Marcello Veneziani: "Nel centrodestra oltre i leader non c'è niente"

·2 minuto per la lettura
Il giornalista Marcello Veneziani al Festival del Lavoro a Torino, 30 settembre 2017.   ANSA/ ANTONINO DI MARCO (Photo: ANTONINO DI MARCOANSA)
Il giornalista Marcello Veneziani al Festival del Lavoro a Torino, 30 settembre 2017. ANSA/ ANTONINO DI MARCO (Photo: ANTONINO DI MARCOANSA)

“Il vero problema strutturale del centrodestra è la sua incapacità di uscire dalla leadership: oltre i leader, non c’è niente! Questo è il problema numero uno”, afferma all’AdnKronos il politologo Marcello Veneziani. “L’elettorato non ha trovato una offerta sufficientemente plausibile nei candidati sindaci e quindi non è andato a votare, mentre a centrosinistra sono tornati a votare e hanno ottenuto una conferma”.

Per Veneziani, “la sinistra potrà anche avere delle leadership nazionali carenti, però ha una media classe dirigente che risulta presentabile alle elezioni comunali, mentre il centrodestra ha una forte leadership nazionale ma poi non ha chi proporre al voto come sindaco e questo demotiva il suo elettorato”.

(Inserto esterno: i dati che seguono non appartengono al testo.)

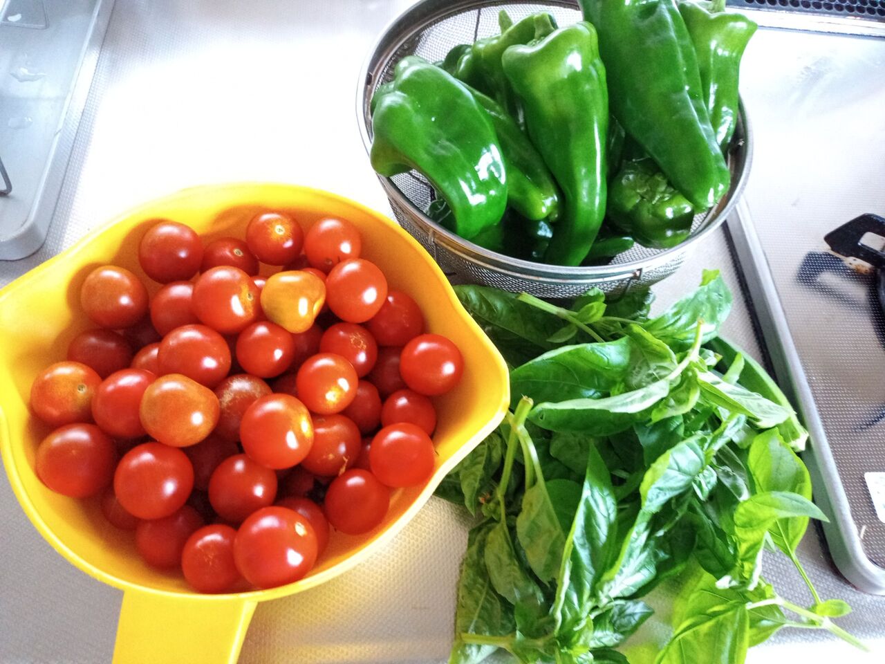 ミニトマト、ザル1杯、巨大ピーマン、ザル1杯とバジル。

Osserva Veneziani: “Per ricorrere a una iperbole, è chiaro e sicuro che se Giorgia Meloni si fosse candidata a sindaco di Roma e Matteo Salvini a sindaco di Milano avrebbero portato al centrodestra almeno dieci punti percentuali in più. Certo, poi ti giochi tutto: se perdi fai la valigia e se vinci che fai, vai a fare il sindaco e abbandoni una leadership politica vincente? Ecco perché serve una terza forza ‘governante’ nel centrodestra, in mancanza di esterni di grande nome e spessore e di una società civile rappresentativa che sia anche in grado di presentarsi e raccogliere voti”.

“L’esito di queste elezioni comunali era prevedibile e scontato: nessuna sorpresa”, ha aggiunto Veneziani, per il quale “non era un voto politico, non era un voto di opinione e si è registrata una disaffezione pazzesca da parte degli elettori, che erano demotivati”, mentre ”è stata raccontata all’opinione pubblica una storia che non corrisponde alla realtà - sostiene Veneziani - e cioè che è stato bocciato il sovranismo e hanno trionfato i moderati”.

Per Veneziani, ”è accaduto esattamente il contrario: avendo presentato candidati moderati, non politici, neutrali, il risultato finale è stato di averli vissuti come marziani, come ‘acqua fresca’ e non come alternative sufficientemente forti da spingere l’elettorato di centrodestra ad andare a votare”. Ecco perché “la sinistra ha mantenuto le posizioni”.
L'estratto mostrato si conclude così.